In 1948, Frederic B. Stevens Inc., a metal plating and fabricating firm, moved into the original Roosevelt Park Station. At a later point, the Chope-Stevens Paper Company occupied the North Building, while Frederic B. Stevens occupied the South Building. In 1984, the APAC Paper and Packaging Company purchased the building. They used it until 2013, when the company moved to Allen Park, Michigan. The building was sold to Galapagos Art Space, but it was never utilized and became vacant. The building was purchased in 2019 by Dan Gilbert's Bedrock Detroit.

==Description==
The United States Postal Service Roosevelt Park Station occupies the northern part of a city block between 17th and 18th Streets, south of Newark Street and the former Michigan Central (now Canadian Pacific Railway) railroad tracks. The structure consists of two sections: a northern building constructed in 1923-1924 and a southern building constructed in 1925. The two buildings are constructed in the Commercial Brick style, with a cast-in-place concrete frame, and floor and roof slabs. The two buildings are connected on the eastern side.

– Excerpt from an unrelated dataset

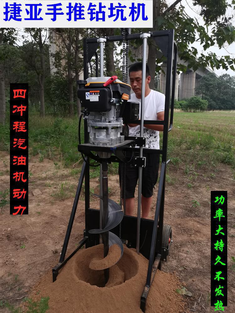 電線桿打洞新型手推鉆坑機器,其結(jié)構(gòu)包括直立機架:支撐機器,保護操作者。機座連接發(fā)動機及下壓部分。發(fā)動機:動力輸入部分。減速箱:增加扭矩,動力輸出部分(本機采用弧齒免維護減速機)。操縱裝置:手握操作及腳踩操作機械部分。腳輪:采用加粗輪胎便捷移動部分。定位錐:消除鉆頭工作時產(chǎn)生的扭力。工作鉆頭:螺旋工作鉆頭部分。使用操作方法;啟動發(fā)動機,手握操作桿,加大油門,提高發(fā)動機轉(zhuǎn)速下按操作桿,同時也可以用腳踩踏板,下壓至底點,然后松開腳,向上抬操作桿,在滑桿上兩條壓力彈簧共同作用下,機座回升到初始位置,油門推回怠速位置工作結(jié)束?,F(xiàn)在一個機械化時代,不少地方都離不開機械設(shè)備,俗話說方法用對事半功倍 選擇新農(nóng)電線桿打洞機是選擇高效率打洞機,打洞鉆孔挖坑用途多多捷亞電線桿打洞機足以勝任多種工作。電線桿打洞機訂制鉆頭長度可大可小,選擇捷亞電線桿打洞機是靠譜。本公司供應(yīng)的電線桿打洞機設(shè)備一機多用,可配置多種規(guī)格的鉆頭打出不同大小的孔。
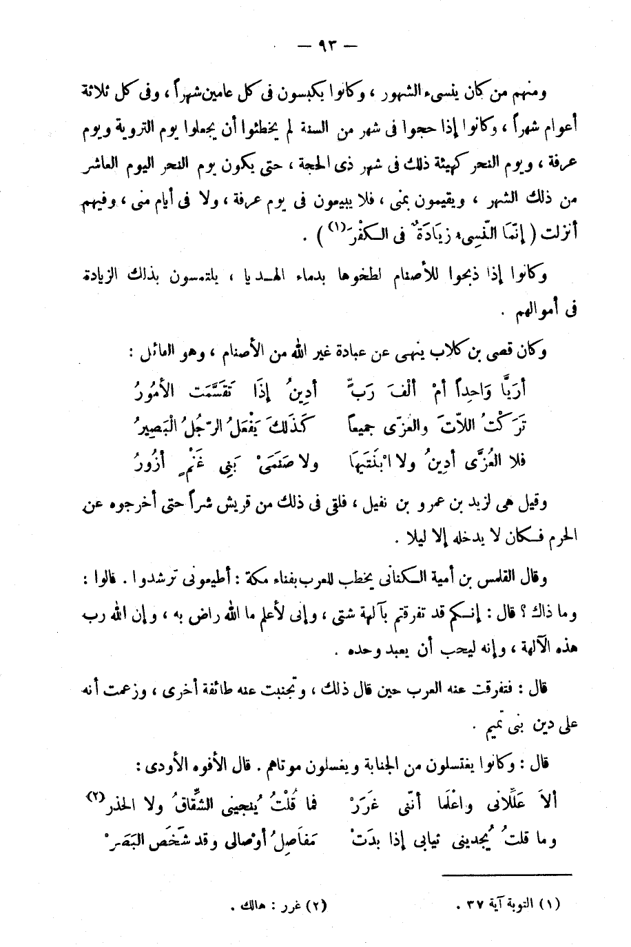 ومنهم من كان ينسىء الشهور، وكانوا يكبسون في كل عامين شهرا، وفي كل ثلاثة أعوام شهرا، وكانوا إذا حجوا في شهر من السنة لم يخطئوا أن يجعلوا يوم التروية، ويوم عرفة، ويوم النحر، كهيئة ذلك في شهر ذي الحجة، حتى يكون يوم النحر اليوم العاشر من ذلك الشهر، ويقيمون بمني، فلا يبيعون في يوم عرفة، ولا في أيام منى، وفيهم أنزلت: {إِنَّمَا النَّسِيءُ زِيَادَةٌ فِي الْكُفْرِ} 1.

The northern building is a pentagon-shaped structure three stories tall, with sides measuring approximately 138 feet (north) by 112 feet (northeast) by 138 feet (west) by 66 feet (east) by 223 feet (south). The building is faced in yellow brick, which has been painted white. Large window openings with stone sills are in every level; the first floor windows have been infilled, while the upper two stories retain large five-over-six steel multipaned windows. A pedestrian entry is located on the west side.

The southern building is rectangular and two stories tall, measuring 223 feet (north-south) by 132 feet (east-west). The south façade is made of structural concrete and terra cotta block. The eastern façade contains three large freight openings for truck loading. Most of the building has been painted white.